Second Quarter 2011 Financial Summary

2Q 2011 2Q 2010 1Q 2011 YoY
Growth
QoQ
Growth
Revenues:
Data center services $ 32,481 $ 31,197 $ 31,542 4% 3%
IP services 27,929 29,328 27,862 -5% 0%
Total Revenues $ 60,410 $ 60,525 $ 59,404 0% 2%
Operating Expenses $ 62,081 $ 61,238 $ 60,292 1% 3%
GAAP Net Loss $ (2,612) $ (1,271) $ (1,500) n/m n/m
Normalized Net (Loss) Income(2) $ (319) $ 1,356 $ (400) n/m n/m
Segment Profit $ 29,841 $ 29,262 $ 30,374 2% -2%
Segment Profit Margin 49.4% 48.3% 51.1% 110 BPS -170 BPS
Adjusted EBITDA $ 10,276 $ 9,924 $ 9,213 4% 12%
Adjusted EBITDA Margin 17.0% 16.4% 15.5% 60 BPS 150 BPS
n/m = not meaningful

Revenue

  • Revenue totaled $60.4 million compared with $60.5 million in the second quarter of 2010 and $59.4 million in the first quarter of 2011. Revenue from Data center services increased year-over-year and sequentially. IP services decreased compared with the second quarter of 2010 and increased sequentially.
  • Data center services revenue rose 4 percent year-over-year and 3 percent sequentially to $32.5 million. Both the year-over-year and the sequential increases in this segment were attributable to increased sales of colocation services in company controlled datacenters and strong growth in managed hosting services.
  • IP services revenue totaled $27.9 million – a decrease of 5 percent compared with the second quarter of 2010.  Sequentially, IP services revenue increased $0.1 million.   The year-over-year decrease was driven by per unit price declines, partly offset by traffic growth.

Net (Loss) Income

  • GAAP net loss was $(2.6) million, or $(0.05) per share, compared with GAAP net loss of $(1.3) million, or $(0.03) per share, in the second quarter of 2010 and $(1.5) million, or $(0.03) per share, in the first quarter of 2011.  GAAP net loss in the second quarter of 2011 included a non-cash charge of $1.3 million primarily related to changes in sublease rental assumptions on unoccupied lease obligations held in restructuring.
  • Normalized net loss, which excludes the impact of stock-based compensation expense and items that management considers non-recurring, was $(0.3) million, or $(0.01) per share.  Normalized net income (loss) was $1.4 million, or $0.03 per share, in the second quarter of 2010, and $(0.4) million, or $(0.01) per share, in the first quarter of 2011.

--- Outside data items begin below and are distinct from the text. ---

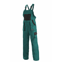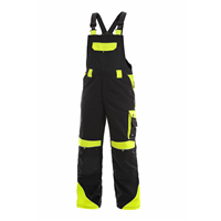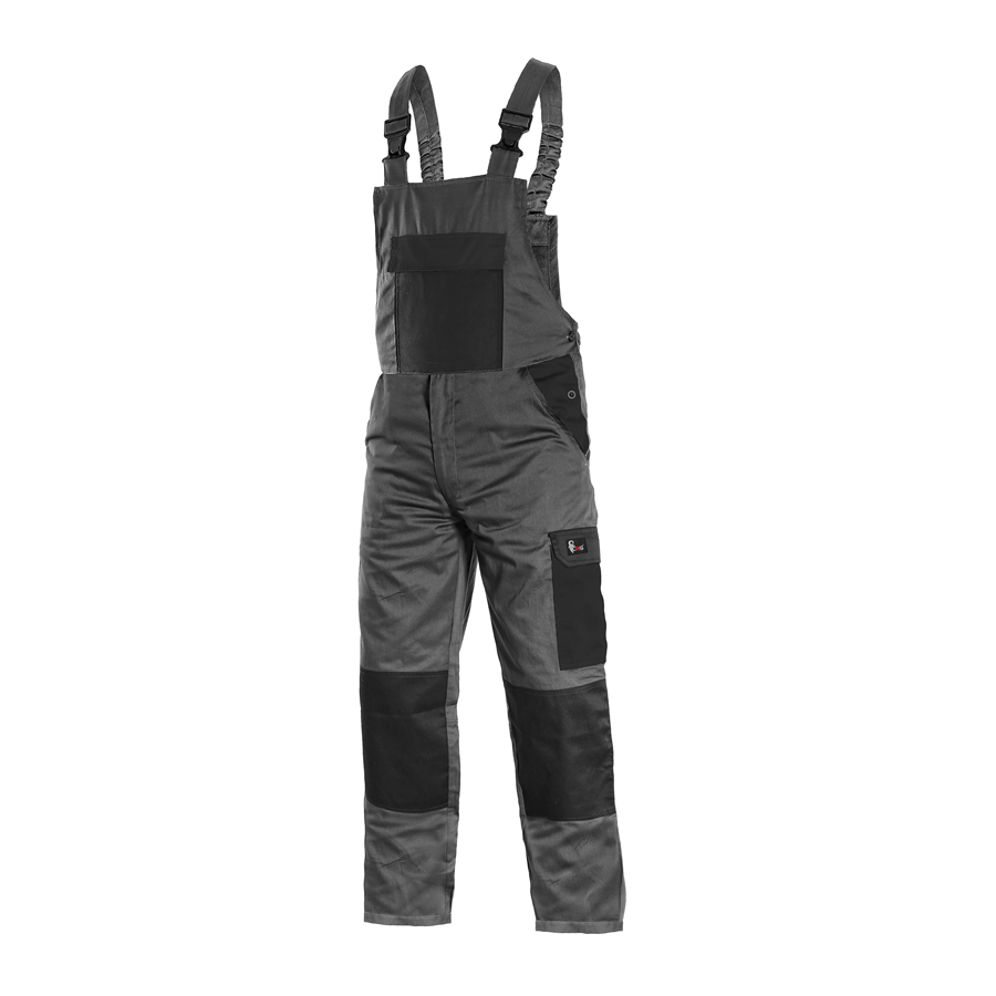 Pánské montérkové kalhoty s náprsenkou, náprsní kapsa s klopou, přední klínové kapsy, kapsa na skládací/svinovací metr, boční kapsa s klopou, zadní jednoduchá kapsa, zdvojená kolena, šle vzadu do gumy. Kalhoty s náprsenkou pánské PHOENIX, šedo-černé, 65% polyester 35% bavlna 190g/m2, vel. 46 - 64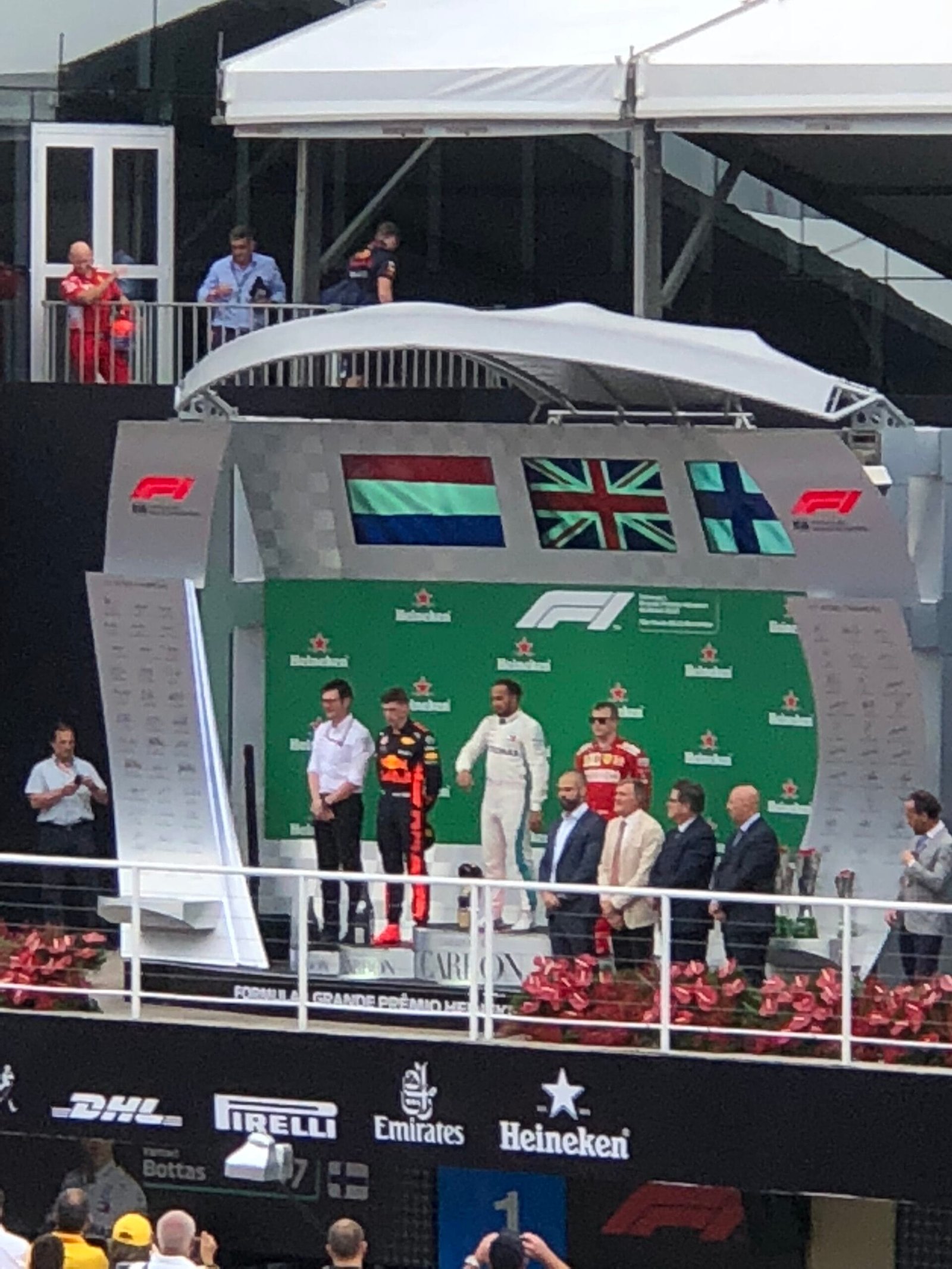 Só voltei a Interlagos em 90 (nunca fui a Jacarepaguá, que Deus me perdoe por isso) e vi todos os GPs até 2018, sempre nas arquibancadas e tribunas. Na foto abaixo, o pódio de 2018, foto do autor, o que explica sua baixa qualidade.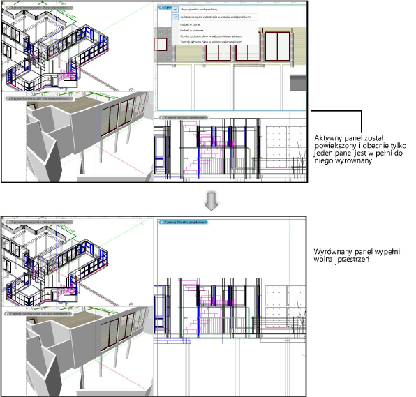 Jeżeli aktywny panel widoku graniczy z wieloma panelami, które są do niego wyrównane, użytkownik nie może zdecydować, który panel wypełni pusty obszar po zamknięciu aktywnego panelu. Aby mieć pewność, że układ paneli (widoku wielopanelowego) będzie odpowiadał naszym oczekiwaniom, należy aktywny panel powiększyć lub pomniejszyć przed jego zamknięciem.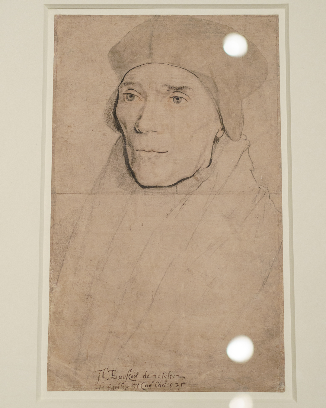 As soon as we approached the portrait drawings of Sir Thomas More’s family, it was immediately clear how big an impact he had, their likenesses practically leaping from the page, some with lovely little annotations for colours and clothing materials. In the following rooms, visitors saw Holbein’s working methods at play, first sketching in coloured chalks, adding colours and comments, and sometimes drawing extra detail studies on the side in pen and ink. You can clearly see his pragmatism to record all the details necessary to portray his sitters in paint.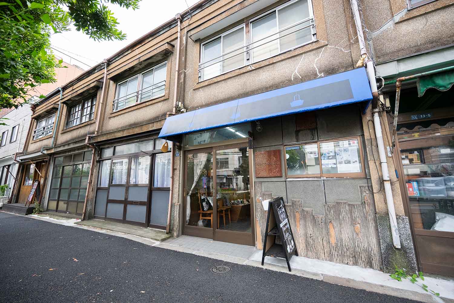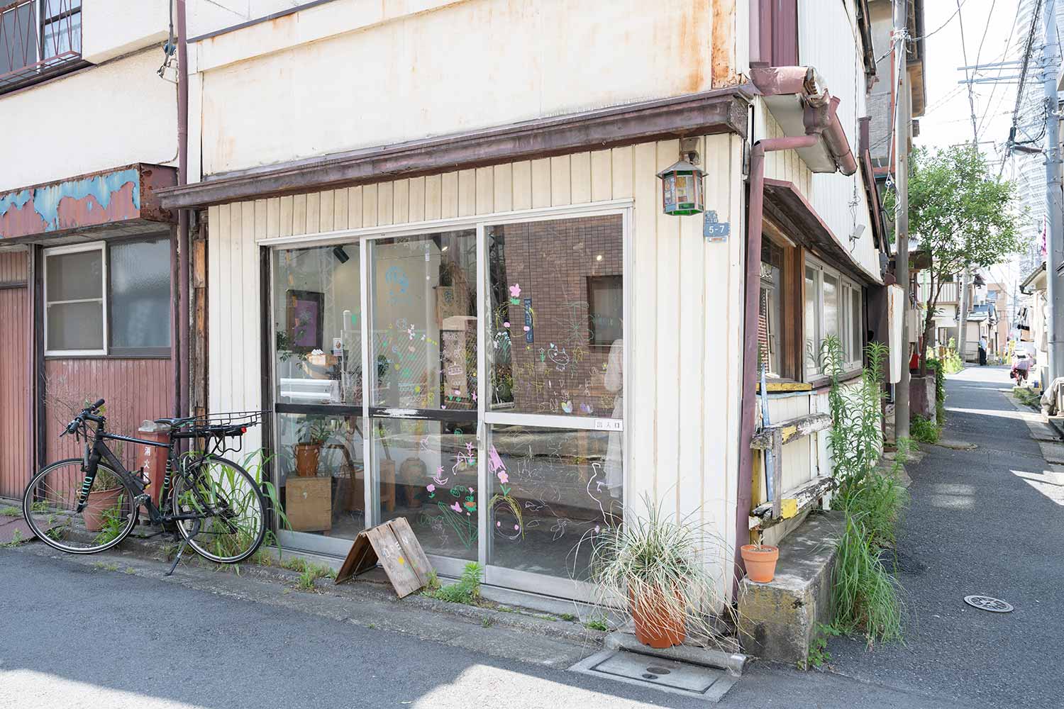 「かつてはビスケット工場でした」と教えてくれたのは、すぐ裏の路地の一軒家で『喫茶 白蛇伝』を営む吉井ひとみさん。こちらは昔四軒長屋で、お母さまがもんじゃ屋を開いていたとか。「父の方は映画館のフィルム運び。この辺りは4、5軒映画館があったんです。父は亀戸から戦争で焼け出されて来て、この辺りはそんな人が集まったそうです。路地も子供がギューギューになってベーゴマで遊んでました」。昔を知る地元っ子から思い出話を気軽に聞けるのも街の財産だろう。

Segment Profit and Adjusted EBITDA

  • Segment profit totaled $29.8 million in the second quarter, an increase of 2 percent year-over-year and a decrease of 2 percent sequentially.  Segment margin was 49.4 percent, increasing 110 basis points compared with the second quarter of 2010.  Segment margin decreased 170 basis points compared with the first quarter of 2011.
  • Segment profit in Data center services was $12.7 million, or 39.2 percent of Data center services revenue. IP services segment profit was $17.1 million, or 61.2 percent of IP services revenue. An increasing proportion of colocation revenue generated at company controlled data centers and increased managed hosting revenue benefited Data center services segment profit compared with the second quarter of 2010.  Higher seasonal power and planned maintenance costs drove a decrease in Data center segment profit compared with the first quarter of 2011.  Data center services segment margin increased 260 basis points year-over-year and decreased 210 basis points sequentially to 39.2 percent.  IP services segment profit decreased 4 percent compared with the second quarter of 2010 due to lower IP services revenue.  Increased network costs drove a 2 percent sequential decrease in IP segment profit.   IP segment margins increased 30 basis points year-over-year and decreased 110 basis points sequentially to 61.2 percent.
  • Adjusted EBITDA in the second quarter totaled $10.3 million, a 4 percent increase over the second quarter of 2010 and a 12 percent improvement relative to the first quarter of 2011.  Adjusted EBITDA margin was 17.0 percent in the second quarter of 2011, up 60 basis points year-over-year and 150 basis points sequentially.  The year-over-year increase in Adjusted EBITDA was attributable to increased segment profit in our Data center services segment.  Improved cash operating cost control and the absence of $0.6 million in executive severance costs incurred in the first quarter of 2011 drove the sequential Adjusted EBITDA increase.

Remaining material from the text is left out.